Prova con spazio davanti all'altare (maggiore?),pavimentato con... .Vorrei sapere anche io se esiste un termine per indicare questo spazio.Buona ricerca e salve!
PS L'interno di una chiesa è TUTTO l'internoresbiterio,cappelle,transetti,altare,sacrestia,abside ecc.


----------



## pizzi

longplay said:


> L'interno di una chiesa è TUTTO l'internoresbiterio,cappelle,transetti,altare,sacrestia,abside ecc.



Appunto !

Ciao, long


----------



## violadaprile

Io direi "navata" o magari "navata centrale", o magari "navata antistante all'altare". Si parla di navata anche se la chiesa non è piena.
Se si tratta di cappelle laterali, in genere si dice "davanti alla cappella di S. ....".
Se invece è altrove, potrebbe essere nella "cripta", nel "chiostro", ecc.
Comunque lo spazio riservato ai fedeli è la "navata" (naos e pronaos, la parte del tempio greco riservata alla preghiera).
In spagnolo la "nave" è un capannone.

Potresti forse dire "presbiterio", che però comprende anche lo spazio dietro l'altare, tradizionalmente riservato ai celebranti.

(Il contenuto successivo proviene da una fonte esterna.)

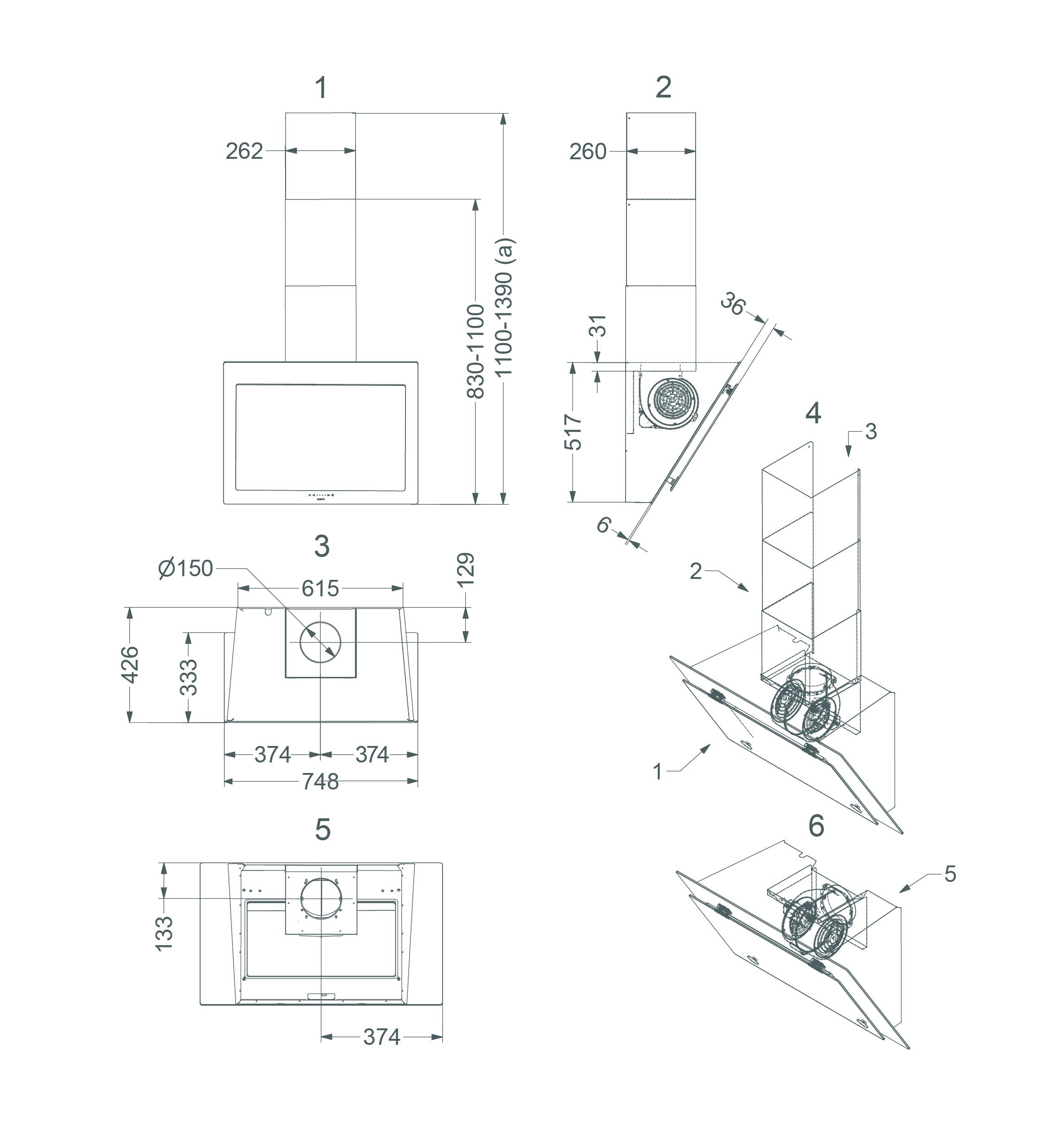- Product Dimensions Exhaust (Wxdxhmin-hmax) : 748 x 426 x 830 - 1100 mm

Aula si riferisce piuttosto a una stanza unica chiusa dai lati. Secondo me S.Pietro non è un'aula ma una cattedrale.
Secondo me.


----------



## pizzi

violadaprile said:


> Si parla di navata anche se la chiesa non è piena



 Viola, cosa significa?


----------



## violadaprile

Che la parte centrale della chiesa si chiama navata, anche se la chiesa è piccola o se ci sono solo tre persone. 
(PS scusa ho fatto un paio di correzioni  )
Intendevo dire che per parlare di navata non occorre che la chiesa sia enorme


----------



## longplay

il problema era :se parlo genericamente di interno...equivoci.Ti ho solo dato ragione e mi sono chiesto persino "perché le è venuto in mente di parlare di interno"?

Navata andrebbe bene,solo che identifica tutto lo spazio della chiesa in lunghezza,escluso l' atrio,se c'è.Se la chiesa è quadrata ,la navata rischia di prendersi tutto lo
spazio.Pizzi ce lo potrebbe spiegare. Aggiungo,cordialmente,che S.Pietro è, più specificamente, una Basilica.


----------



## pizzi

Mi spiace, ma navata non va bene in questo contesto, in quanto la pianta è quadrata, e la navata è comunque uno spazio longitudinale. Allo stesso modo, per edifici a pianta poligonale o circolare, come i battisteri, non si può parlare di navata.
In più, è solo una parte della chiesa: se ìndico navata, escludo il presbiterio e tutto il resto.

Mi è venuto in mente di parlare di interno di chiesa, long, perché spesso ci lavoro . Nel caso specifico che ha mosso la mia domanda, ho fatto saggi stratigrafici sulle pareti all'interno di una chiesa, ma solo nelle zone dedicate al culto. Da qui la richiesta se vi fosse un unico termine, o un aggettivo + sostantivo, o una perifrasi che comprendesse tutte queste aree, nelle loro diversità, ma anche nella comune vocazione. 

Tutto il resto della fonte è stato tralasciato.